Sorry to go off-topic, but the concept reminds me of a graph that my old statistics tutor showed me back during my degree. It was a regression analysis of the winning times of the fastest male (blue) and female (red) 100m sprinter in the Olympics.
Without worrying about the statistics behind what a regression analysis is, the graph predicts that in the year 2252 a woman should be able to win the 100m sprint in under 7 seconds. This is highly unlikely, and is a misuse of regression analysis.
Here’s a link to a blog post explaining it in more detail (the graph is in there too) if you are interested: https://towardsdatascience.com/will-a-woman-be-the-fastest-human-502be89e0060 -
Jane Kennedy answered on 22 Jun 2020:
Already lots of great definitions here of Moore’s Law which I don’t need to repeat. The side effect of this doubling of transistors is that computers and computer chips have also been getting twice as fast every two years. As others have said, we are reaching the limit of how much smaller transistors can get anymore, so since we can’t have more of those, computer scientists have been looking at other components (known as accelerators) that can be used alongside the main processor chip in order to make computers faster and more powerful. A common example is a GPU, which will often be found in gaming PCs and video game consoles to help with the graphics, which the processor would struggle with on it’s own. Other posters have mentioned quantum accelerators, which may be another option in future.

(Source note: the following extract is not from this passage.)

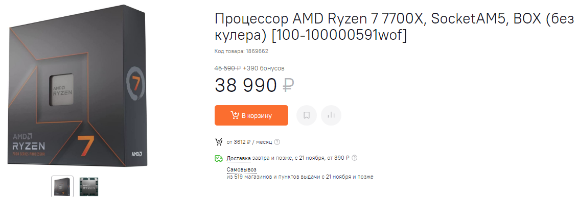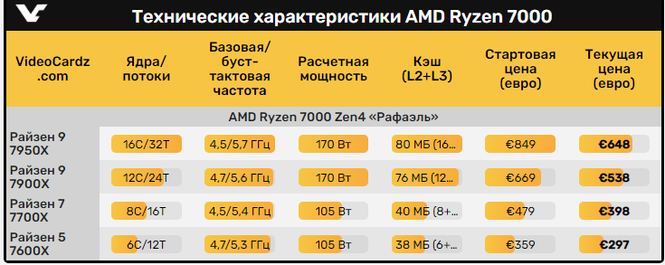 Цена на 8-ядерный 16-поточный AMD Ryzen 7 7700X также весьма упала: если до сегодняшнего дня за геймерскую модель пришлось бы отдать $399, то сейчас процессор оценён в $349.

The thing about adding more components to a computer, is it makes them much more difficult to program. Even a program that already works will need changed to run on more specialised devices, which isn’t always easy or practical to do. On the other hand, if you have a super-powerful computer and only a small problem to solve with it, there’s not much benefit to having all that compute power. So even if it’s possible to make computers faster, it may not be something that’s very useful if we lack both the problems, and the people with the skills to make them work.
This question is very timely, as the Top500 list of the fastest computers in the world was decided this week! Number one is a new Japanese supercomputer called Fugaku, it has a massive 7.3 million computer cores (my PC here has 4) and was measured doing more than 400 MILLION BILLION sums per second. See the full list here: https://www.top500.org/lists/top500/2020/06/
The website has lots of interesting stats, there is this diagram that shows Moore’s Law vs actual performance for the fastest computers in the world on the bottom of this page: https://www.top500.org/statistics/perf-devel/
You can see that even though Moore’s law isn’t a true law, total and average performance for all the top 500 has actually followed what you would excpect, up until about 2015 when performance has started to flatten-off and dip below the Moore’s law projection.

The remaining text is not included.